What is needed
Reproduce nothing but the lines from the start of the material through the line that includes "步骤2:APP首页-文件管理", both ends included, and omit every picture.

Data below
########

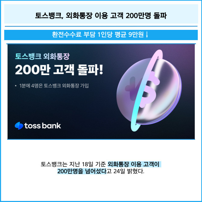 [카드] 토스뱅크, 외화통장 이용 고객 200만명 돌파
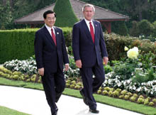 布什邀請胡錦濤主席方便的時候訪問美國。胡錦濤感謝布什的邀請,表示愿在適當?shù)臅r候訪美并邀請布什再次訪問中國。他說,中方歡迎美國副總統(tǒng)切尼今年晚些時候訪華。布什表示他本人愿再次訪問中國,并說切尼期待著對中國的訪問。
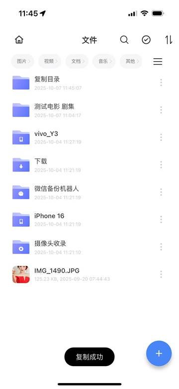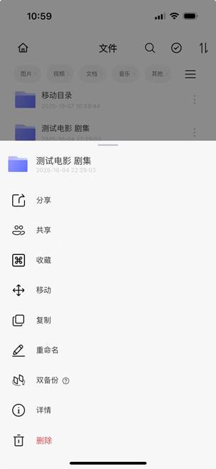 步骤2:APP首页-文件管理-点击文件夹旁边的【…】 按钮,弹出操作菜单选择“复制”
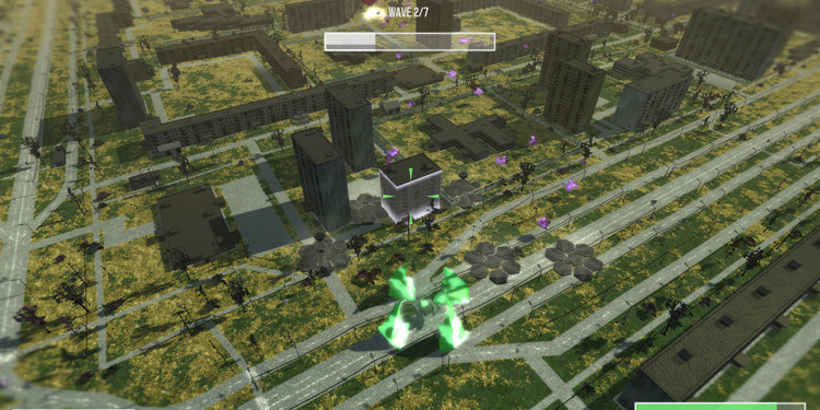 在整个游戏里,你能做的就只是开着一架绿色的小飞机飞来飞去,按鼠标左键或者右键可以“biu biu biu”地发射激光。打碎地面上的一些外星晶体可以收集能量,收集满了之后游戏就会化身塔防模式,需要抵挡几波敌人,然后再次上路。

########

Solution to this task
 [카드] 토스뱅크, 외화통장 이용 고객 200만명 돌파
 布什邀請胡錦濤主席方便的時候訪問美國。胡錦濤感謝布什的邀請,表示愿在適當?shù)臅r候訪美并邀請布什再次訪問中國。他說,中方歡迎美國副總統(tǒng)切尼今年晚些時候訪華。布什表示他本人愿再次訪問中國,并說切尼期待著對中國的訪問。
 步骤2:APP首页-文件管理-点击文件夹旁边的【…】 按钮,弹出操作菜单选择“复制”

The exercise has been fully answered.